Skyline Drive begins at an intersection with US 340 south of Front Royal in Warren County, heading east into dense forests in Shenandoah National Park as a two-lane undivided road. The road curves south and passes through the Front Royal Entrance Station, where a ranger station is located. At this point, the drive winds south and ascends the Blue Ridge Mountains. The roadway heads southwest and comes to the Shenandoah Valley Overlook on the west side of the road.

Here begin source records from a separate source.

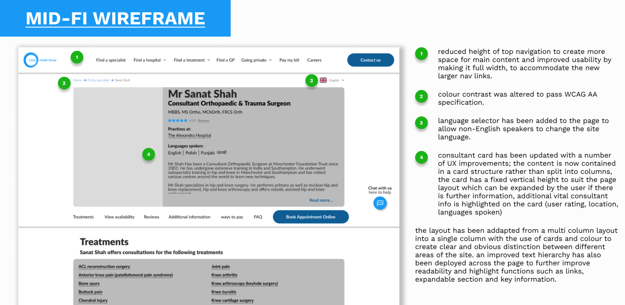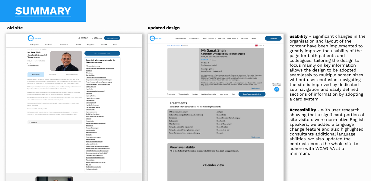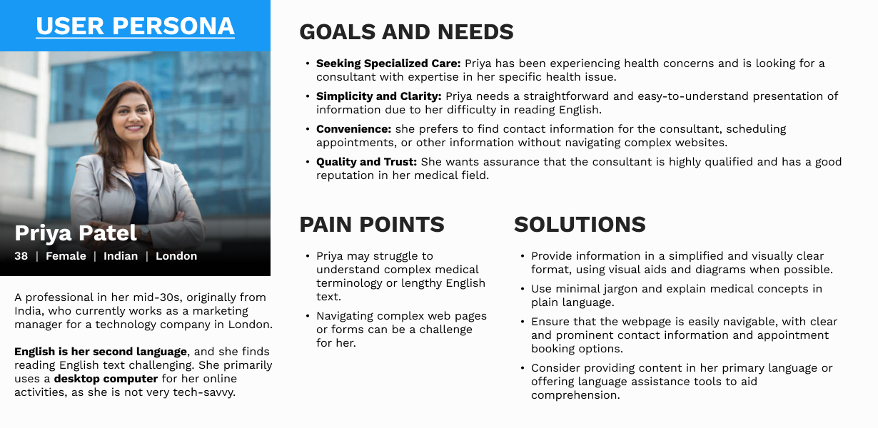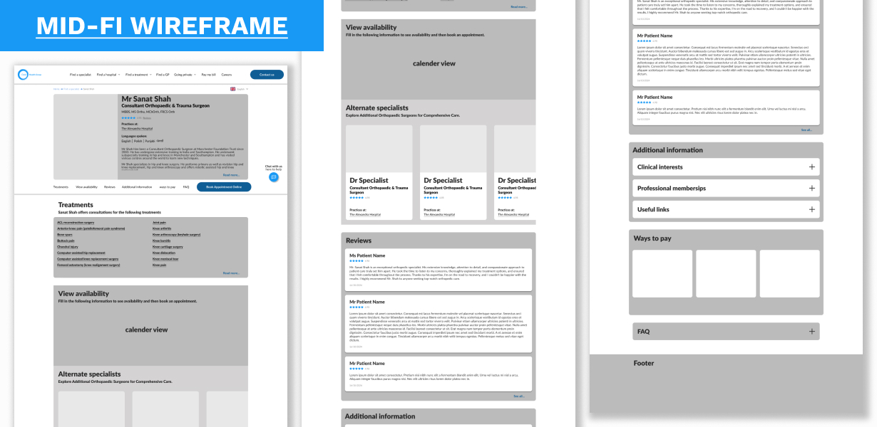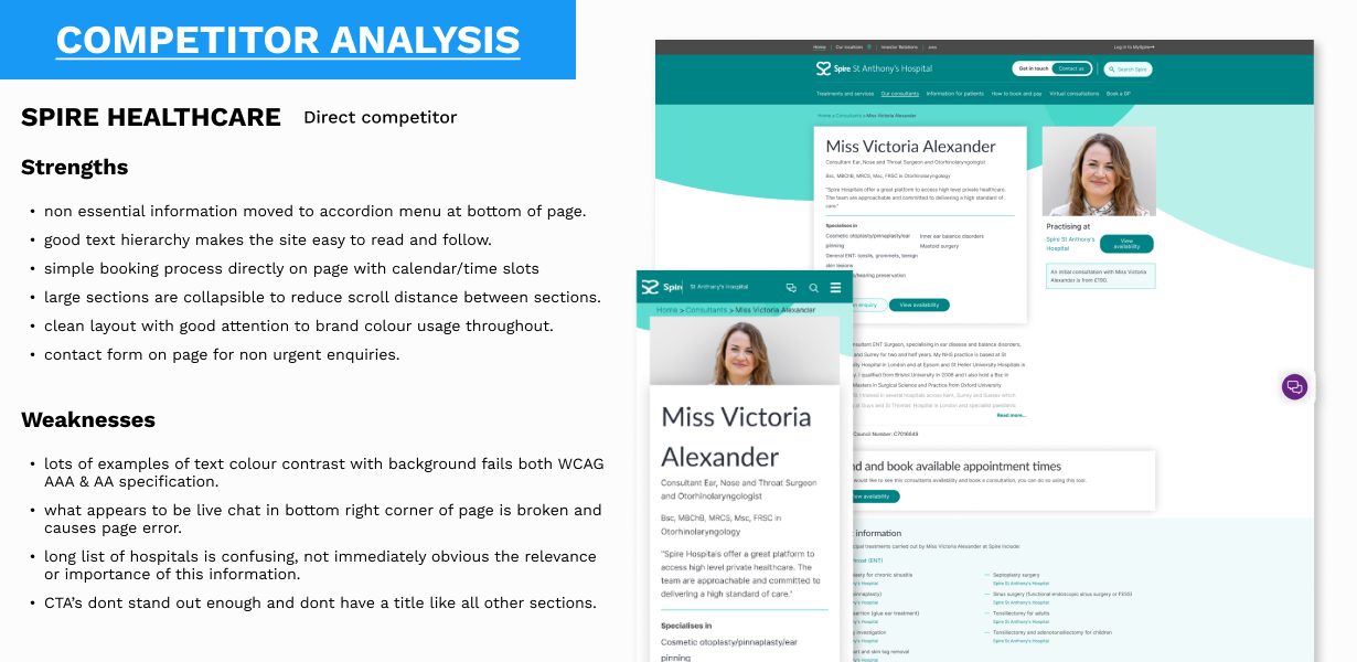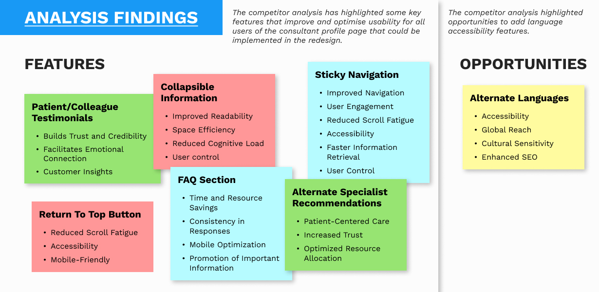 My role involved redesigning a hospital's consultant profile page to make it more accessible and user-friendly for a diverse audience, including patients, colleagues and returning users. The brief was a challenging one, focusing on overcoming language barriers, simplifying complex medical jargon, and creating a design that was both clear and tech-friendly for users with varying digital literacy. The process began with extensive user research and competitor analysis to foster empathy and identify key user needs.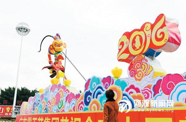 昨日,市區(qū)文化廣場、客家文化公園等地披上“猴裝”。據(jù)了解,今年的猴年主題花燈形式多樣,既有可愛的金絲猴拜年形象,也有齊天大圣揮舞金箍棒形象,美麗的花燈將河源節(jié)日氣氛裝扮得既紅火又喜慶,增添了濃郁的 “年味”,引來不少市民路過時駐足觀賞。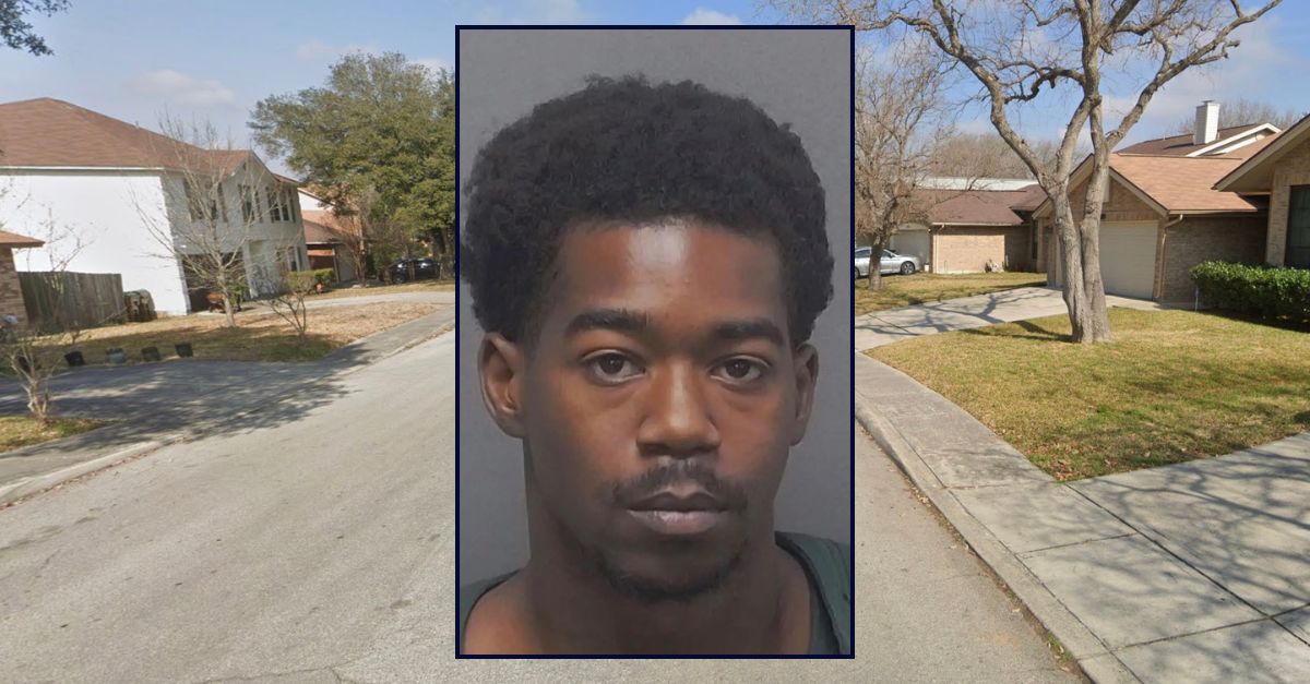 Inset: Shiateek D. Wilson (Bexar County Jail). Background: The area in Converse, Texas where Miller allegedly killed his ex-girlfriend’s new boyfriend (Google Maps).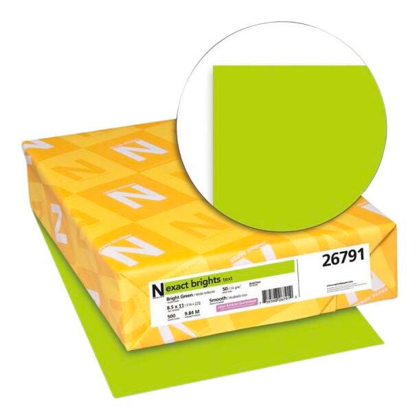 Description This Bright Green Multi-Purpose Colored Paper from Exact is ideal for use with standard printers, standard and high-speed plain paper copiers, duplicators, and mimeograph machines. Great for creating posters, flyers, and signs that pop in vibrant colors. Sold with 500 sheets per pack. Each sheet measures the standard 8-1/2 x 11 inches.Features Environmentally friendly, 30% recycled post-consumer waste content Laser, inkjet, copier guaranteed Perfect for any classroom or office application Attention getting 20 lb smooth finish bright paper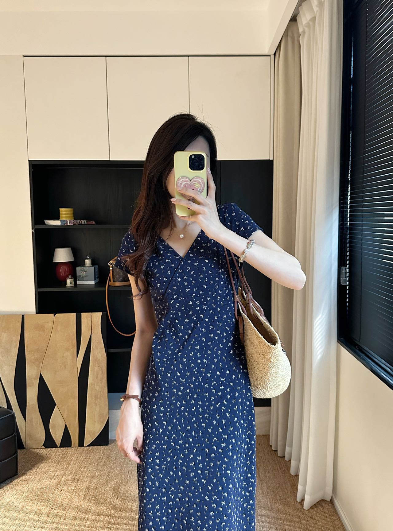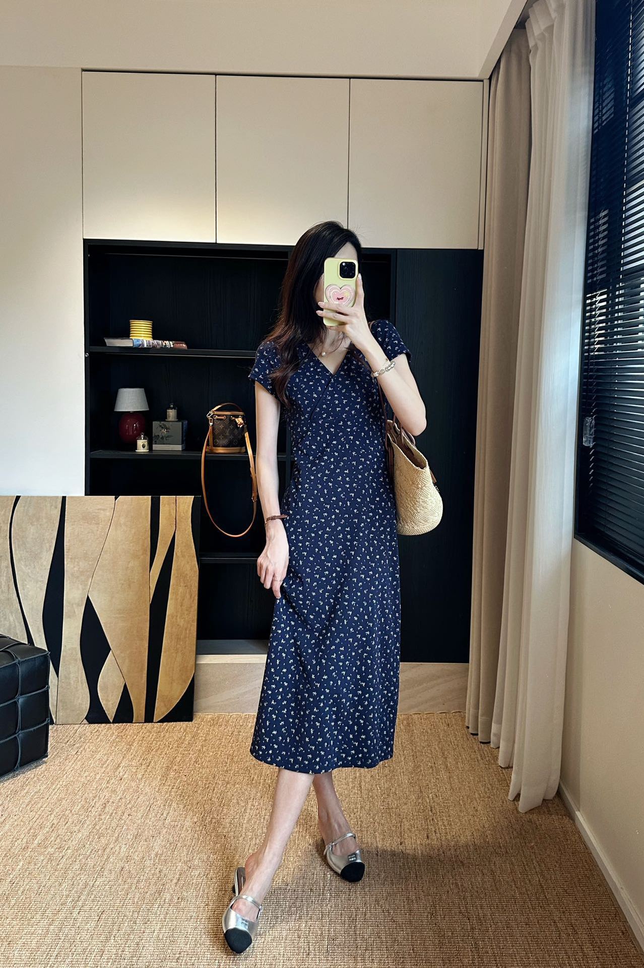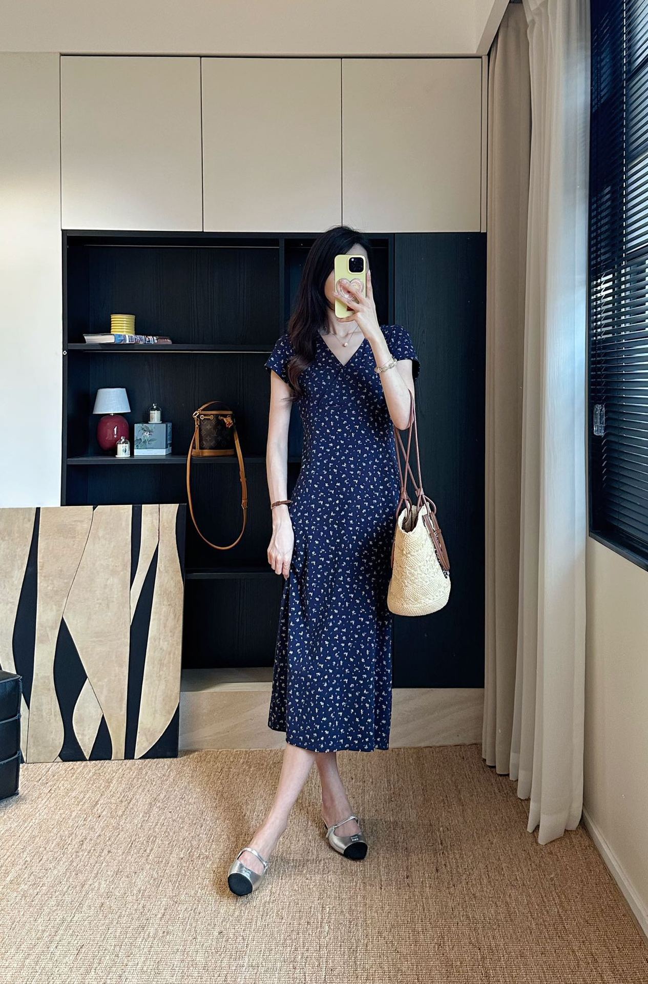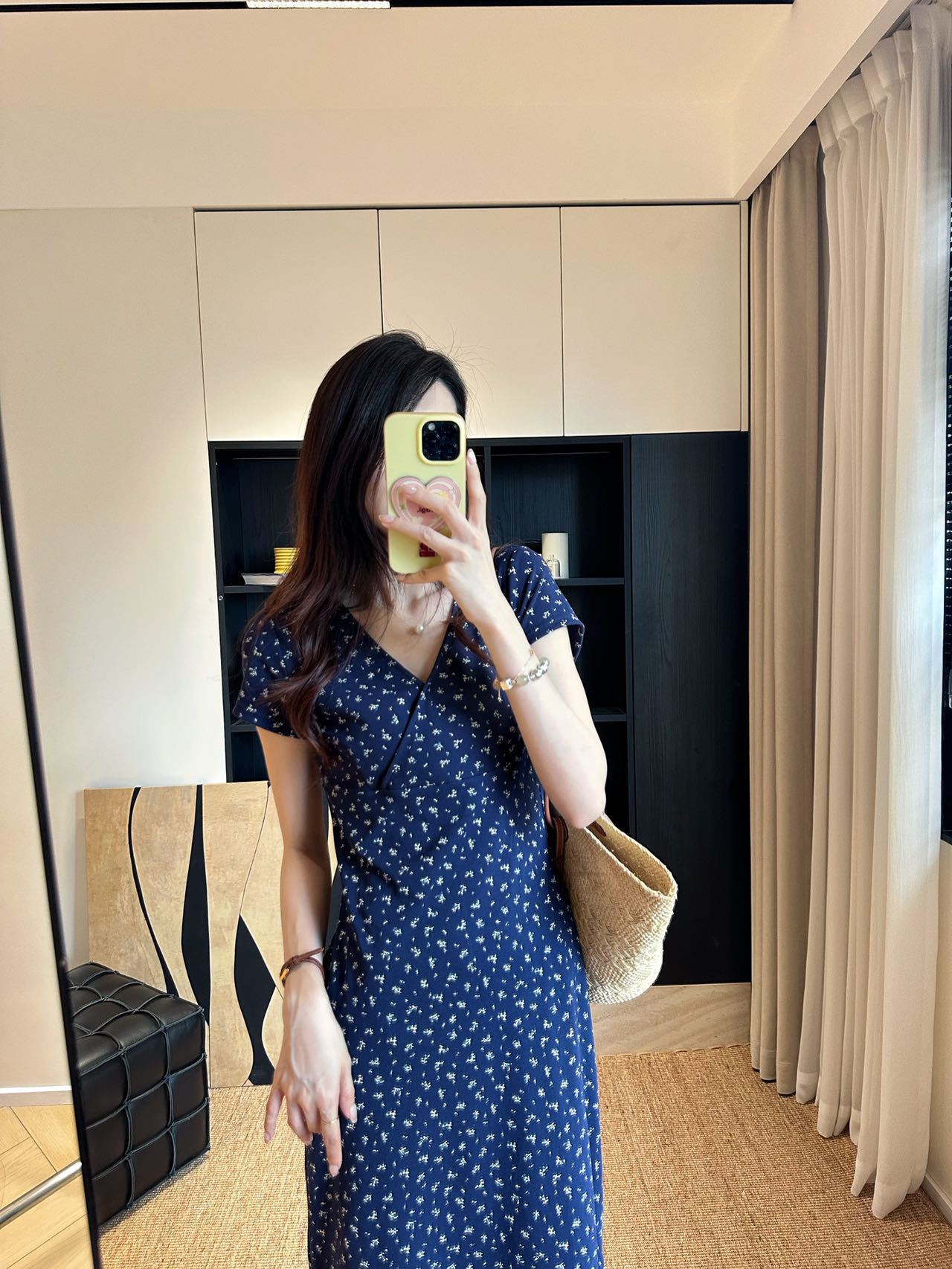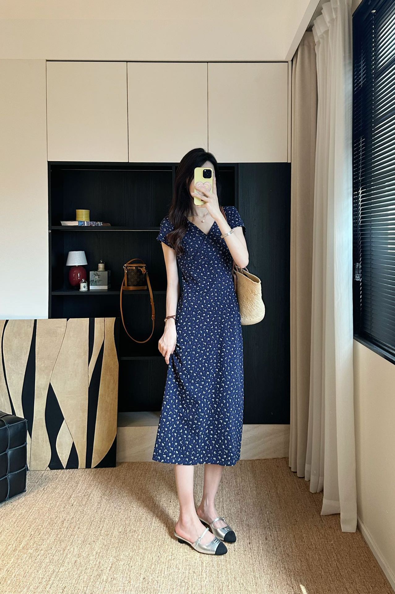裙身布满精致的碎花图案,仿佛将春日花园穿在身上

Skyline Drive winds south and reaches the Dickey Ridge Visitor Center, which has a ranger station, picnic grounds, and restrooms. Farther south, the roadway reaches Dickey Hill. The road continues southerly to the Gooney Knob Overlook facing southwest, at which point it turns to the east and winds through Low Gap. The drive heads east to an overlook at Compton Gap, where it bends south along a winding path, straddling the border of Warren and Rappahannock counties, and runs parallel to the Appalachian Trail, which closely follows Skyline Drive for the remainder of its route. The road curves southwest and reaches the summit of North Marshall. Upon reaching the south-facing Range View Overlook, the roadway turns to the west along a winding path, bending southwest. The drive passes the Mount Marshall Overlook on the east side, at which point it heads west.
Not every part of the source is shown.